Besides being the basic building block for most Ruby web frameworks, Rack enables a very interesting feature, somewhat appropriately called ‘middleware’. The fundamental idea behind Rack middleware is come between the calling client and the server, processing the HTTP request before sending it to the server, and processing the HTTP response before returning it to the client.
What makes this idea especially interesting and useful is that middleware can be stacked on top of each other! Coupled with the fact that many of the Ruby web frameworks out there are built on top of Rack and therefore any applications built with those frameworks can be Rack middleware, we can build really modular applications with a number of combinations!
So how is this useful? One very practical example is developing large web applications in distributed teams. We can break down the application into sets of features, each implemented in a different piece of middleware, each with its own set of models, views and controllers. Integration is then just taking each piece of the middleware and stacking them up in the main server, which can be a very basic web application (and in fact, is another piece of middleware!).
In this post, I’m going to show a very simple example of how this can be done. I will be using Sinatra for both the middleware as well as the server. All the code in this example is in http://github.com/sausheong/modular. Note that this sample is very Sinatra specific – each Rack-based web framework would likely to have some variance in the way this is implemented. Let’s look at a use case first.
You are a project manager for a new project and you have been given the unenviable task of delivering a project with a tight deadline. In order to help you with this, your management has given you a sizable team to do the job. That’s the good news. The bad news is that the people in the project team are distributed around the world (since they are formed from various existing teams). The best way to do this, you decided, is to split up project by modular, independent features and get the various team members to deliver them in parallel. You also decided that you needed a core few team members to build the common functions and the platform upon which the other team members build their modules on. The architecture looks something like this.
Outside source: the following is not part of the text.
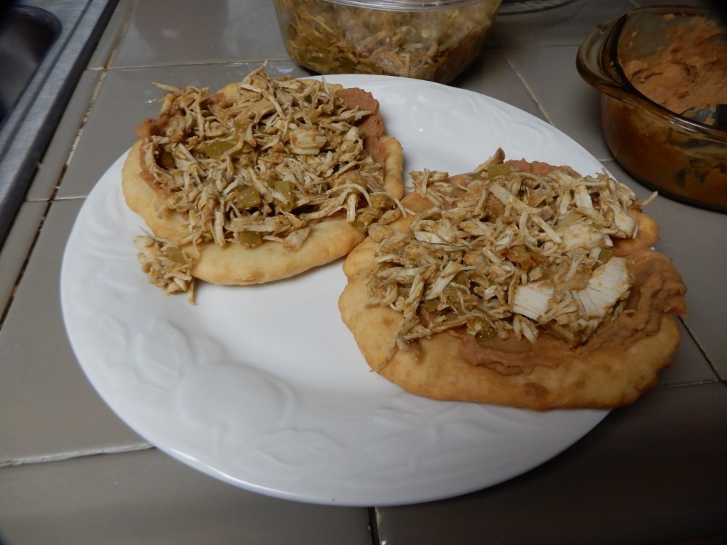 Spread warm beans on fry bread. Top with shredded chicken and garnish as desired and enjoy.

Let’s look at the implementation of the application. First, we have a base server application, which is written by the platform team. The base server application provides the framework for the rest of the modules to sit on. It should provide a number of fundamental services, but in this example, I will only show simple user authentication and a set of common helper functions.
require 'rubygems'
%w(haml sinatra rack-flash json rest_client active_support).each { |gem| require gem}
%w(user).each {|model| require model}
%w(sinatra/common_helper middleware).each {|feature| require feature}
set :sessions, true
set :show_exceptions, false
use Rack::Flash
use Middleware::App
get '/' do
redirect '/dashboard' if session[:id]
redirect '/login'
end
get '/login' do haml :login, :layout => false end
post '/login' do
if authenticate(params[:email], params[:password])
redirect '/'
else
redirect_with_message '/login', 'Email or password wrong. Please try again'
end
end
get '/logout' do
session.clear
redirect '/'
end
get '/dashboard' do
require_login
haml :dashboard
end
error do redirect '/' end
In the server folder of repository, you will find a normal Sinatra
application. In fact this forms a skeletal frame of a very simple web
application with user authentication capabilities. Let’s look at some of
the code.
%w(user).each {|model| require model}
This requires the user model, defined in
DataMapper. You will not find it in the
server folder because it is in a separate folder named
server-models. If you look into the server-models folder you will
find that it is set up to be packaged as a gem. Why is this so? This is
because the user data model is a part of the base platform, used in most
parts of the application, including most if not all other modules. In
order to allow other team members to have access to the user data model,
we package it as a gem and deliver it through a private gem server (more
about this later). For now, just notice that we deploy the user data
model as a gem, and require it in the server application.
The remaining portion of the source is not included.